The complaint against the firm, Duncan, and Murchison was filed at the end of 2014. The firm and two men proposed the settlement and the National Adjudicatory Council, one its subcommittees, as well as the Office of Disciplinary Affairs accepted it in September. The firm and two men neither admitted nor denied the allegations. R. M. Duncan Securities officials declined to comment on the settlement.

FINRA found that from April 21, 2010 through April 27, 2010, the firm, through Duncan and Murchison, executed four transactions in Maryland Economic Development Corp. bonds, referred to as Ravenwood bonds, at prices about 55% higher than the prevailing market price at the time.

The bond purchasers were falsely assured the bonds would generate full 11% interest payments when in reality they had been in default since January 2010.

The action leading up to the transactions began when a wealthy Fayetteville, Ark. Individual identified only was WS, whose business the firm wanted to maintain, contacted Murchison about selling his entire block of his Ravenwood bonds. He had purchased the bonds at a price of 50 or 60 and wanted to make a profit. Murchison, after receiving approval from Duncan, bought the individual's bonds at a price of 80, even though the prevailing price was 52.89.

Murchison then solicited three elderly customers to purchase the Ravenwood bonds at prices between 82.375 and 82.75. The firm also sold some of the bonds to another firm, identified only as ABC, at a price of 80.

The sales left R.M. Duncan with a bond shortfall, so it purchased additional Ravenwood bonds from Eminence Partners LLLP, Duncan's investment fund.
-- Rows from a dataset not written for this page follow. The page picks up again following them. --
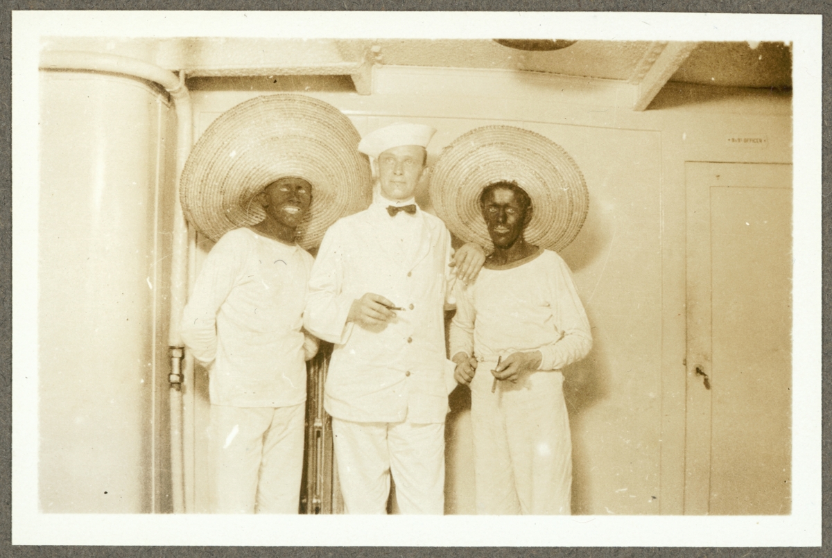Bilden föreställer sjömannen Holmberg flankerad av två kamrater som har klädd ut sig som svartfärgade människor som kallas för "Jim", förmodligen som del av den humoristisk förställning ombord. Denna företeelse kallas idag för "blackfacing" och är uttryck för oacceptabla rasfördomar.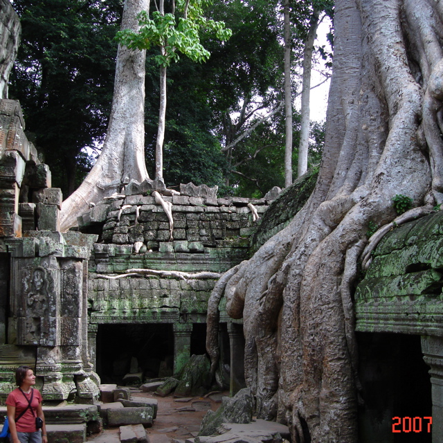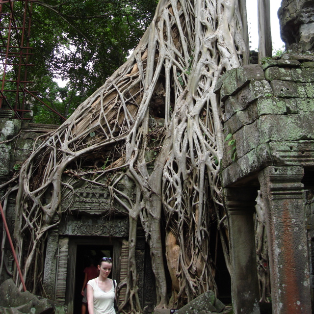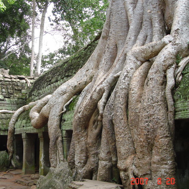 さらに奥に進むと、あたかも遺跡が木に食べられているような光景が広がります!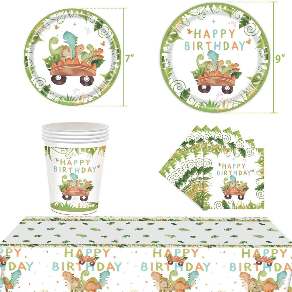 Manufacturer Customize Logo Pattern And Size Of Paper Cups Disposable Cup Plate Tablecloth Natural Cartoon Party Supplies Set
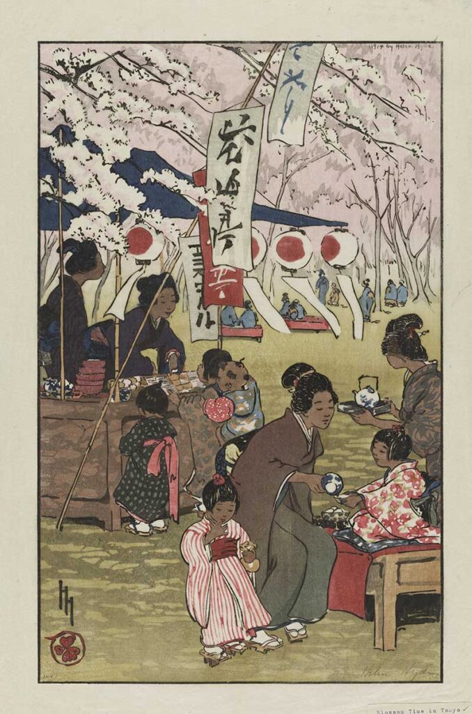 Helen Hyde print shows mothers and children drinking tea and eating among cherry blossoms.

Less than a week earlier, R.M. Duncan sold the bonds back to Eminence at a price of 53.47.

FINRA found those actions violated Rules G-17 and G-30. Additionally, the firm's supervisory system failed to ensure compliance with the MSRB's fair pricing requirements, had no written procedures for how the firm should review the market price for munis, and did not identify a process to document supervisory reviews of prices charged to customers, FINRA found.

The firm also violated Rule G-27, FINRA said in its order.